長年教室で扱ってきた教材も,音読してみることで,先生の間での解釈の違いが浮き彫りになります。
 黙読では何となくわかった気になる文章も,声に出して読むことでわからないところや新しい解釈に気づきます。音読は教師自身の教材研究を深めることにもつながるのです。
「星の花が降るころに」を台本にしてみよう  
「星の花が降るころに」を台本にしてみよう
 いよいよメインのワークです。グループに分かれ,新教材「星の花が降るころに」を朗読台本にしてみます。
 初めて読む教材。心情や情景を,わいわいと議論しながら,台本に起こしていきます。「こんな台詞を付け加えてもいいのでは。」「ト書きに書いておこう。」「ナレーターは」……。どの先生も登場人物になりきって,具体的な場面や情景へと想像を広げています。
 いつしか,各グループで自然と朗読劇が始まり,教室が作品の世界に包まれました。
台本にして気づいたことは  
台本にして気づいたことは
 最後に,ワークショップを振り返ります。
「読み方に根拠をもたせるのが大事」「一度みんなで通読して,作品の世界に馴染んでからのほうがいい」など,現場の実態に即した意見が寄せられました。
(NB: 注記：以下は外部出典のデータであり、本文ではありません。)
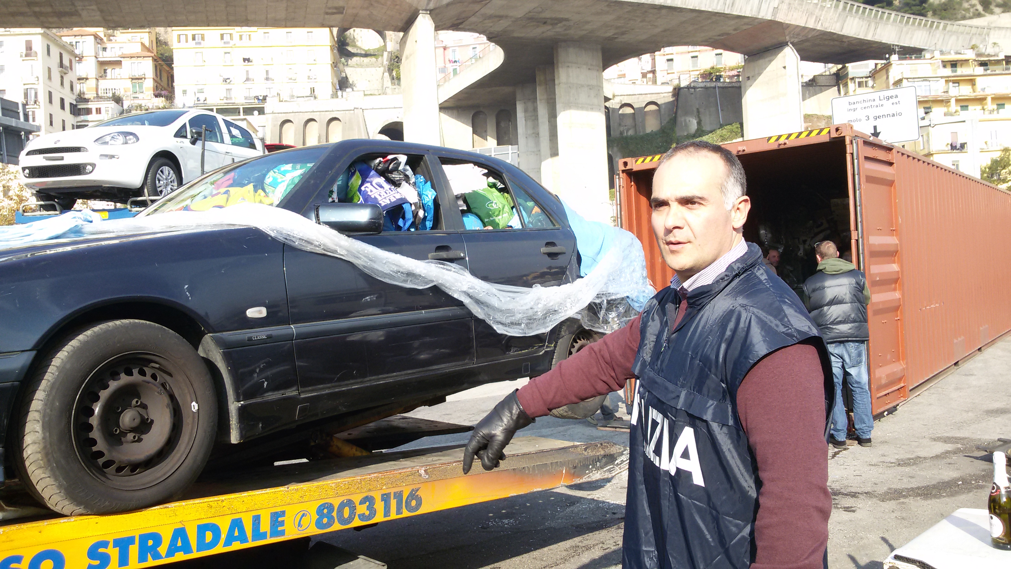 L’attività investigativa ha permesso di monitorare le auto rubate nascoste nei container da Genova fino la porto di Salerno. Alla prima ispezione dei container i poliziotti si sono ritrovati un carico di rifiuti ma ben sommerso c’era altro. Lunghe le operazione di recupero delle auto stipate in coda al container proprio nella speranza di eludere i controlli.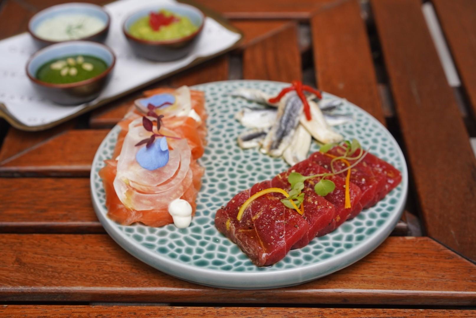 Citrus marinated tuna belly, cured salmon draped in a crisp fennel salad and dollops of sour cream, marinated anchovies and red bell pepper slivers, plus a trio of dipping sauces – basil pesto, Greek tzatziki, and mashed guacamole – make up this refreshingly balanced plate.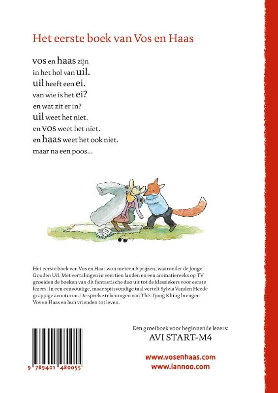 Het eerste boek van Vos en Haas won meteen 6 prijzen, waaronder de Jonge Gouden Uil. Met vertalingen in veertien landen en een animatiereeks op TV groeiden de boeken van dit fantastische duo uit tot de klassiekers voor eerste lezers.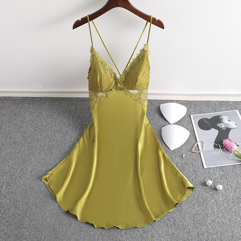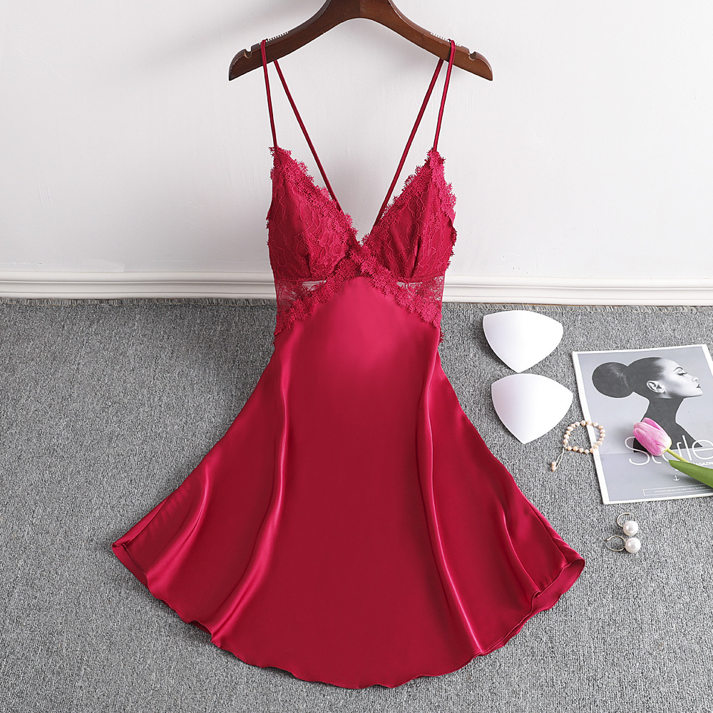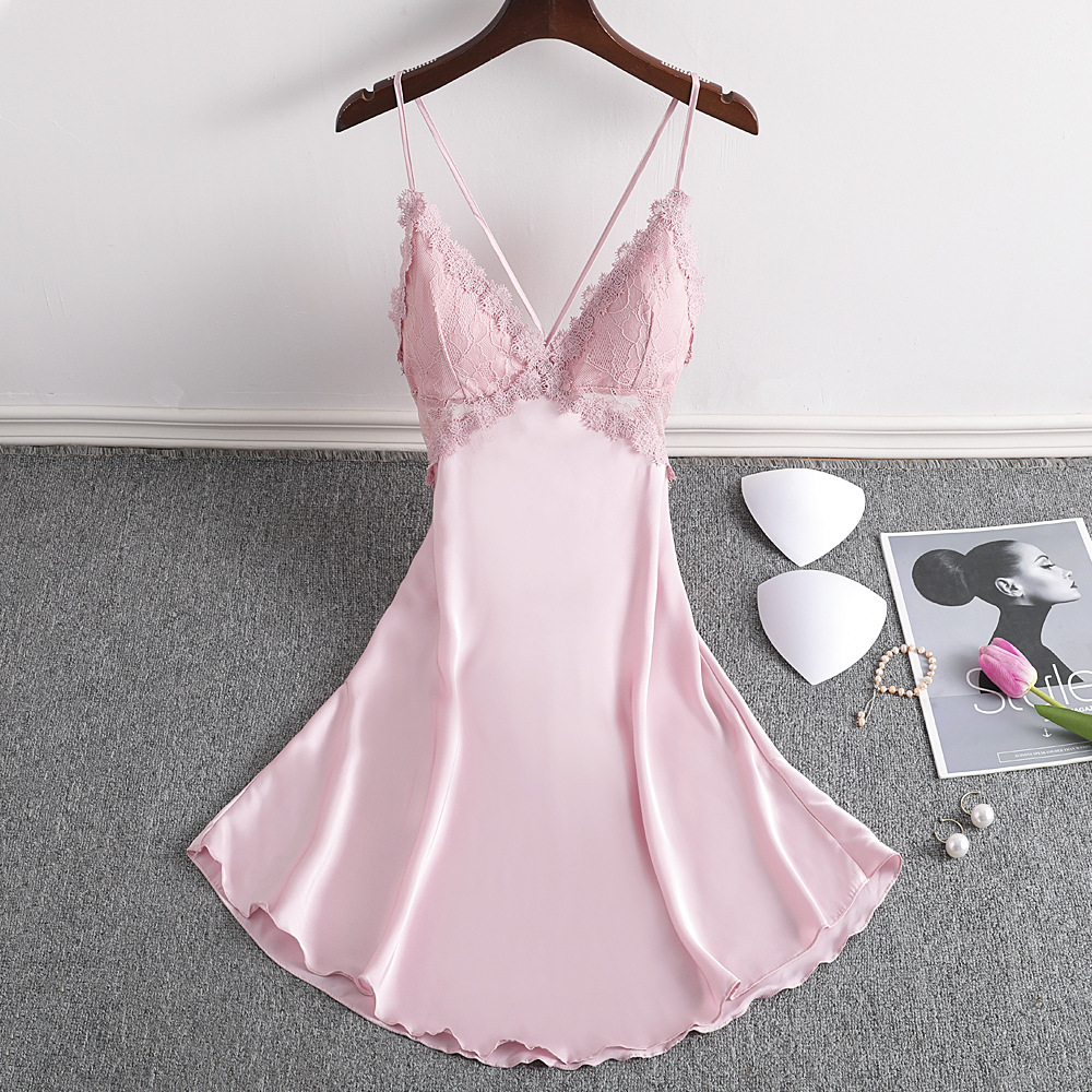 가슴 패드 백 크로스 중공 레이스 스커트 섹시 챠밍 아이스 실크 잠옷 여성용 얇은 잠옷 여름 유혹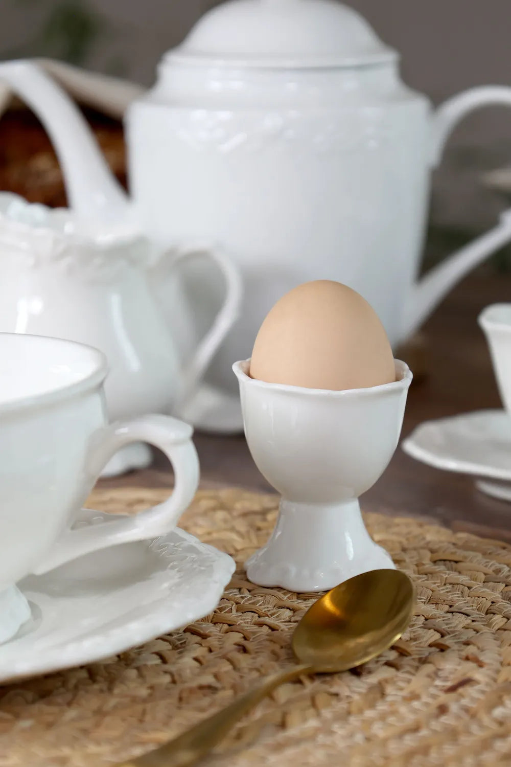 Starte deinen Tag mit einer Prise französischem Charme und purer nordischer Leichtigkeit! Dieser bezaubernde Eierbecher aus der Serie 'Provence' hüllt sich in strahlendes Weiß und macht deinen morgendlichen Frühstückstisch zu einem echten Highlight. Ein kleines, wunderbares Prachtexemplar für den Genuss deines geliebten Sonntags-Eis ♥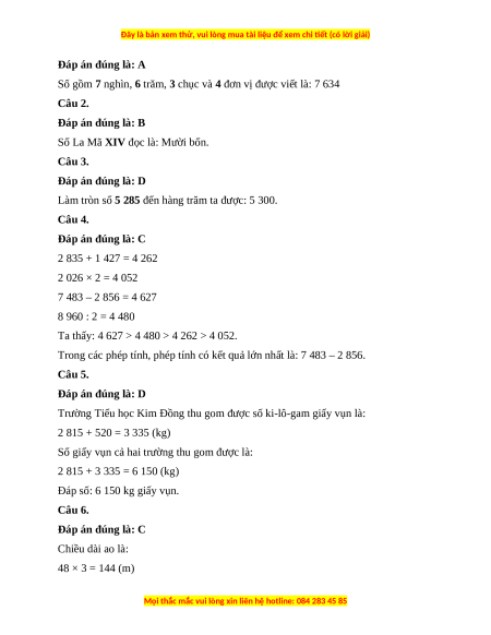 Đáp số: 6 150 kg giấy vụn. Câu 6. Đáp án đúng là: C Chiều dài ao là: 48 × 3 = 144 (m)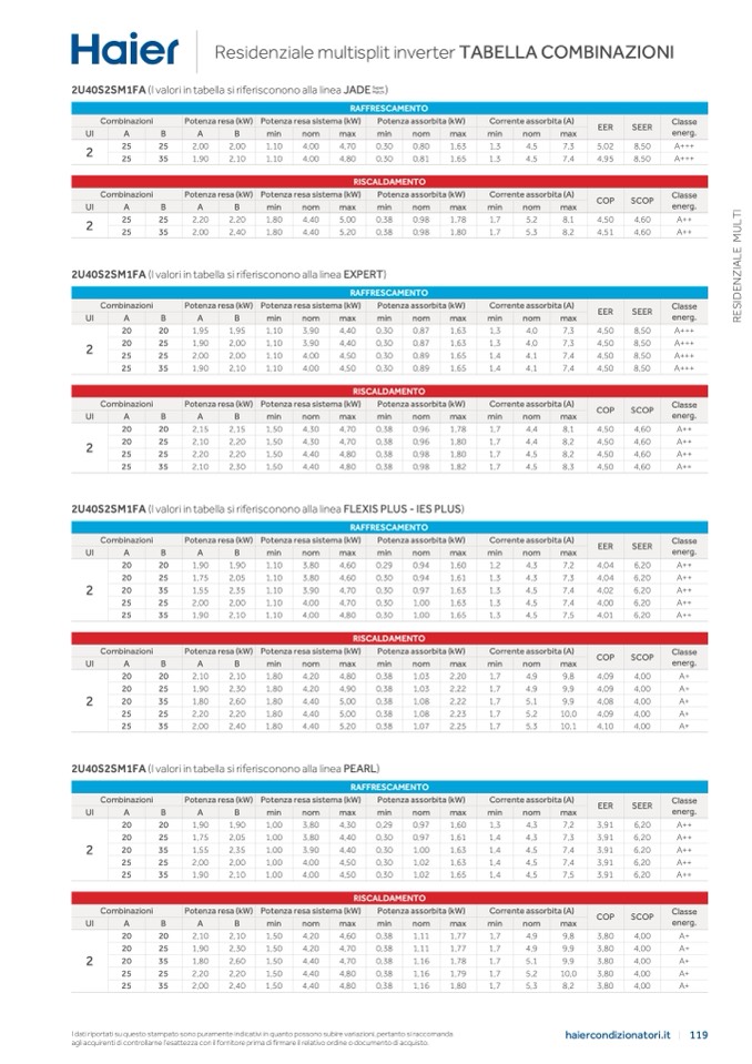 2U40S2SM1FA (I valori in tabella si riferisconono alla linea FLEXIS PLUS - IES PLUS)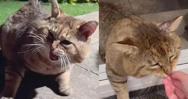 这只公猫外表英俊而强壮,但身上布满了伤痕,显然流浪的生活让它饱经风霜。当女子取出食物递给它时,它迅速上前抢食,随后便退到远处,保持着安全的距离。它不允许其他猫咪靠近,也不容许女子接近,一旦有人试图靠近,它便发出低沉的嘶鸣声,仿佛在宣告自己的领地。这种行为并非出于恶意,而是流浪岁月铸就的自我保护机制。在野外生存的猫咪常常需要通过这种方式来防范潜在威胁,以确保自身的安全。

 宗我部先生からは,「通読の中で,朗読のときに注目させたいところに目を留めさせておく。」「作品の中で朗読を工夫するポイントを共通化しておくと評価につなげやすい」といったアドバイスがありました。
 授業化の方法が学べたのはもちろん,音読・朗読で教室は大いに活気づくということを実感したワークショップでした。
【講師の先生のひとこと】
宗我部義則先生  
宗我部義則先生
 「言語活動の重視」がキーワードの一つになっています。今回のワークショップでは,音読・朗読という言語活動を通して,読む力を育てる授業……という視点から,授業作りの発想や,効果的に言語活動を展開する視点からの教材研究や,声の指導のあり方をいっしょに考えました。
 実際に声を出しながら学び合うワークを楽しみつつ,朗読劇の台本化を通して,主体的な読みを引き出す授業について,参加者からも「こうしたら」「この辺がポイント」などの意見が出され,まさに体験をとおしての気づきに学び合う時間でした。私自身も先生方に学ぶことの多かったワークでした。